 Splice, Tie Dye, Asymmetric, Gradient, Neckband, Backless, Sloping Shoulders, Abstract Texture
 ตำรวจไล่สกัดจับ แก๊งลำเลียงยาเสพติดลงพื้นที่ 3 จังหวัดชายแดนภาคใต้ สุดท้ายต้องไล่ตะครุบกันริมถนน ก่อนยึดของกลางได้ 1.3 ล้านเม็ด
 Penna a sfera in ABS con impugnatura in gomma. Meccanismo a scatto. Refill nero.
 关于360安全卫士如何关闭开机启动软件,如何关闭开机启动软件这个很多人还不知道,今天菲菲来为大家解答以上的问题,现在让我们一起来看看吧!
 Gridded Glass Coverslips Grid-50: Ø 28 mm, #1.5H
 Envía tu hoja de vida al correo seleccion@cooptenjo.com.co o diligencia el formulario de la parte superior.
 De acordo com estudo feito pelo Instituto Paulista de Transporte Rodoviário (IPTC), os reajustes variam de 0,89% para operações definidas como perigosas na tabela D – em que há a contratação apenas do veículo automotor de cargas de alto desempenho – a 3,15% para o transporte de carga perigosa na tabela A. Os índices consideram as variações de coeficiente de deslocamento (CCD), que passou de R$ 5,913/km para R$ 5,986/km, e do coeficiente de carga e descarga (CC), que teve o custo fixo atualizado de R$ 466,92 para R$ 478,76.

* * *

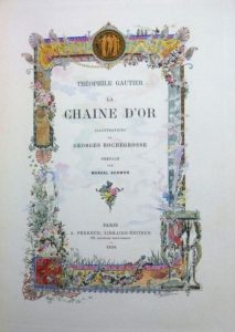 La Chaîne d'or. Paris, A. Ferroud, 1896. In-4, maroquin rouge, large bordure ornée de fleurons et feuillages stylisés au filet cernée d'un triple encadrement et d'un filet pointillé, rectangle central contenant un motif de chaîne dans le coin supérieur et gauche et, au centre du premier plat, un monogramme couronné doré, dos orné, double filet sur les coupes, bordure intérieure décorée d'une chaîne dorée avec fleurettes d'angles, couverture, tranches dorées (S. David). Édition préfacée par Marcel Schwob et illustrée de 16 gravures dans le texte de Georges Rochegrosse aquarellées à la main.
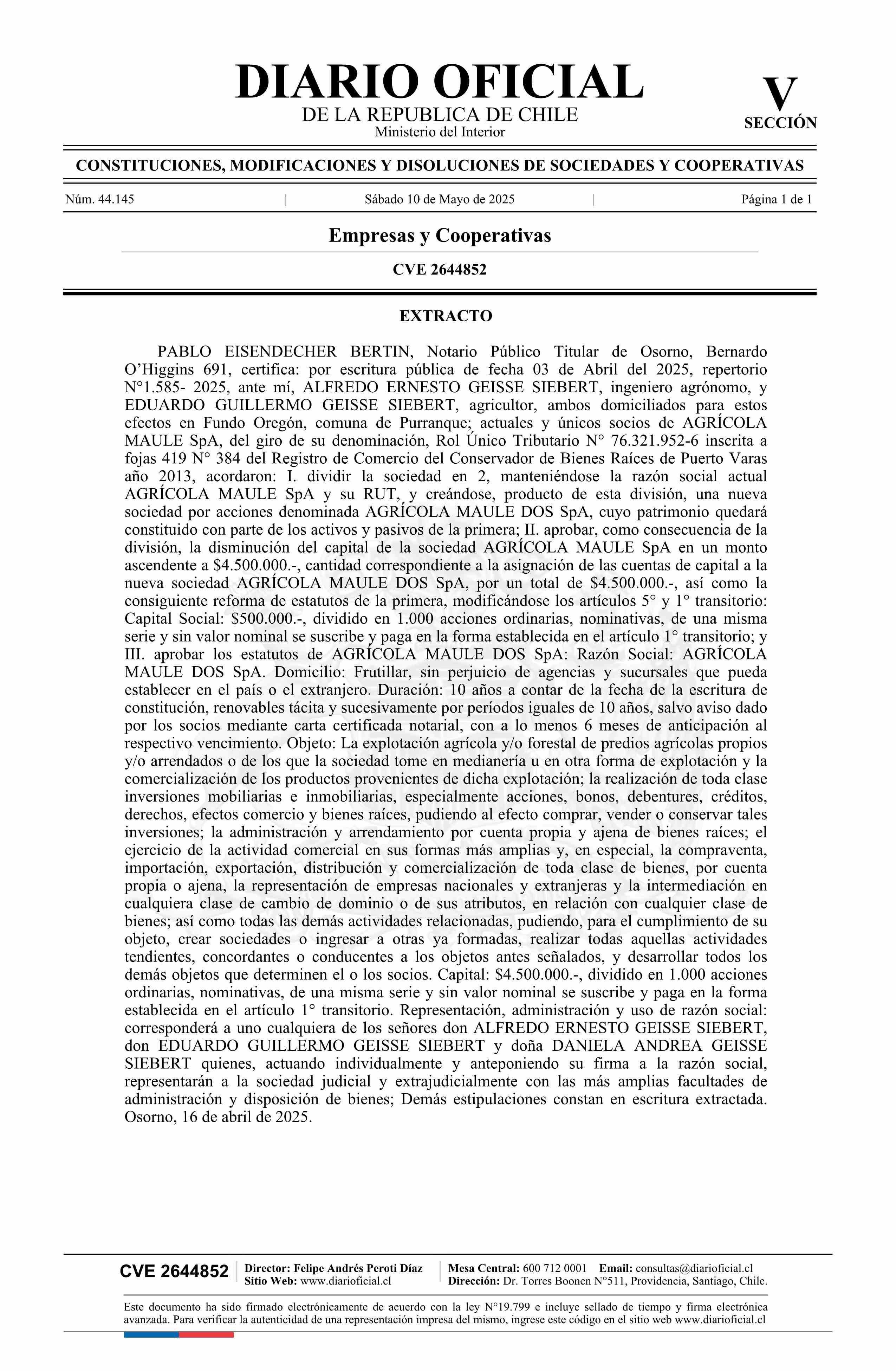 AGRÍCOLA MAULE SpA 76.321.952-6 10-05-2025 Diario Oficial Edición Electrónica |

### Try it
In the data above, find the line that contains "Shoulders, Abstract Texture" and the line that contains "De acordo com". Repeat exactly those lines and every line between them, and only those.

### Task response
 Splice, Tie Dye, Asymmetric, Gradient, Neckband, Backless, Sloping Shoulders, Abstract Texture
 ตำรวจไล่สกัดจับ แก๊งลำเลียงยาเสพติดลงพื้นที่ 3 จังหวัดชายแดนภาคใต้ สุดท้ายต้องไล่ตะครุบกันริมถนน ก่อนยึดของกลางได้ 1.3 ล้านเม็ด
 Penna a sfera in ABS con impugnatura in gomma. Meccanismo a scatto. Refill nero.
 关于360安全卫士如何关闭开机启动软件,如何关闭开机启动软件这个很多人还不知道,今天菲菲来为大家解答以上的问题,现在让我们一起来看看吧!
 Gridded Glass Coverslips Grid-50: Ø 28 mm, #1.5H
 Envía tu hoja de vida al correo seleccion@cooptenjo.com.co o diligencia el formulario de la parte superior.
 De acordo com estudo feito pelo Instituto Paulista de Transporte Rodoviário (IPTC), os reajustes variam de 0,89% para operações definidas como perigosas na tabela D – em que há a contratação apenas do veículo automotor de cargas de alto desempenho – a 3,15% para o transporte de carga perigosa na tabela A. Os índices consideram as variações de coeficiente de deslocamento (CCD), que passou de R$ 5,913/km para R$ 5,986/km, e do coeficiente de carga e descarga (CC), que teve o custo fixo atualizado de R$ 466,92 para R$ 478,76.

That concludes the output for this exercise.